Он долго плыл широкими саженками, потом лег на спину и закрыл глаза. Вода покачивала, успокаивала и нежила его, маня опуститься поглубже. Егор Карнаухов не сожалел о минутной вспышке и множестве вырвавшихся на волю злобных слов. Хотя сознавал, что проявил слабость и ни за что обидел не бестолковую, серьезную и добрую Наташку Гарову.
Это было слишком мелкое событие в сравнении с тем, что он переживал теперешним летом. Мир в самом деле изменился в его представлении, он различал в прежде привычно ясном и праздничном мелькании дней и событий некие уродливые и пугающие черты. Словно он пировал с друзьями, шутил и веселился, и вдруг из–за кустов выглянуло чужое, мерзкое рыло. Выглянуло, подло мигнуло и спряталось.
Карнаухов сказал Наташе правду, все началось с того момента, когда он стороной узнал, что его отца собираются проводить на пенсию. Нежно привязанный к отцу, он видел незаметное другим, видел, как сильный, умный человек в короткий срок постарел, обрюзг, ссутулился и начал разговаривать осевшим, мнимо бодрым пустым голосом, будто извиняясь и прощаясь.

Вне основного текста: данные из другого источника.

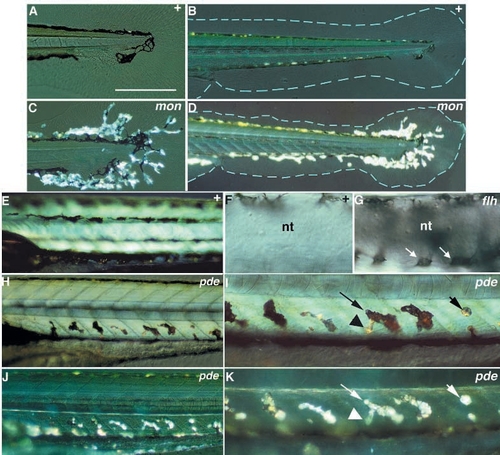 Phenotypes of ectopic chromatophore mutations (Class V). Wild-type siblings are compared with homozygous mutants for mon (A-D), pde (E,H-K) and flh (F,G). mon larvae display on the sixth day large numbers of iridophores extending into the medial fins (C,D), while medial fins (blue outline) are irregular in shape and reduced in area (D). During the pharyngula period, melanophores are normally found in close association with the neural tube in a dorsal position (F), but in flh mutant embryos they completely encircle the neural tube (melanophores on the ventral surface of the tube; arrow, G). On the sixth day, pde larvae show dorsoventrally oriented chromatophores ventral to the notochord and dorsal to the ventral stripe (H, and at higher magnification, in I), which are not present in the wild type (E). Most of these chromatophores look like melanophores under transmitted light, but have large regions (see arrowhead, I) with the appearance of iridophores. When viewed with incident light (J,K), most of these chromatophores (e.g. long arrow, K) look like iridophores. The morphology of these regions strongly implies that the same cell contains both melanosomes and iridosomes. Some of these chromatophores (short arrow, I and K) appear to be pure iridophores. B-D and I-K were photographed with incident light. nt, neural tube. Scale bars, 200 μm (A,C), 400 μm (B,D), 225 μm (E,H,J), 70 μm (F,G) and 110 μm (I,K).

Что–то перекосилось в сознании Егора, и теперь многие вещи, не имеющие никакого отношения к отцу, он видел ожесточенными, затуманенными глазами. Взять, к примеру, вот этого жирного Эрнста Львовича. Как возможно, что он ходит петушиными кругами около Светки Дорошевич, девочки с хохочущим ртом, ' которую Егор отлично помнил в форменном платьице, тискающую руки от чудовищного смятения по поводу посаженной в тетрадке кляксы. Разве она уже женщина? Нет, она прежний наивный и смешной, лукавый подросток. Но ведь она сама поглядывает на Эрнста Львовича взглядом, в котором мелькает далеко не детское выражение вызова и обещания. Что это? Как понять? Подло, дико, но существует, – вот оно перед ним. Истинная чистота, не стыдясь, исполняет таинственный любовный танец перед пожилым, волосатым существом. Зачем? Для какого неведомого смысла?
Егор утомился и поплыл к берегу. Эрнст Львовичи девочки сидели в такси.
– Карнаухов! – крикнула Света, подруга школьных дней. – Давай побыстрей, а то на счетчике шесть рублей настукало.
«Деньги не твои пока, – хотел сказать Егор. – Рано тебе их считать».
Но не сказал, не спеша оделся, забрался на заднее сиденье, рядом с Наташей. Гарова, бледная, глядела в сторону.
– Извини, – шепнул ей Карнаухов. – Я тебе не хотел хамить. Так вышло.
– Я понимаю, – сказала Наташа. – Мне не надо было рассуждать про твоего отца. Я сделала тебе больно.
– Да, не надо было.
– Нет.
– Мне кажется, Гена работает с твоим папой.
Егора раздражало, что их разговор слушает Эрнст Львович.
– Ну и что?
Наташа произнесла на тихом дыхании, готовая оборвать себя на полуслове.
– Это такой человек, который может помочь. Хочешь, я его попрошу? Он мне не откажет.
– Ты девочка, Натали. Попросить можно достать джинсы. О таких делах никто никого не просит. Оставим это. Ерунда. Забудь.
– Какие–то секреты, – вмешалась Светка. – Се– кретчики объявились. Ух!
Эрнст Львович обернулся с переднего сиденья и хмыкнул.
– Чего? – обрезал его Егор Карнаухов. – Вы–то чего мычите?
– Егорий!
– Молотой человек, я никому не хочу турного, – предельно вежливо объяснил Эрнст Львович. – Я сказал «хм!», потому, что потумал, как странно устроена наша жизнь.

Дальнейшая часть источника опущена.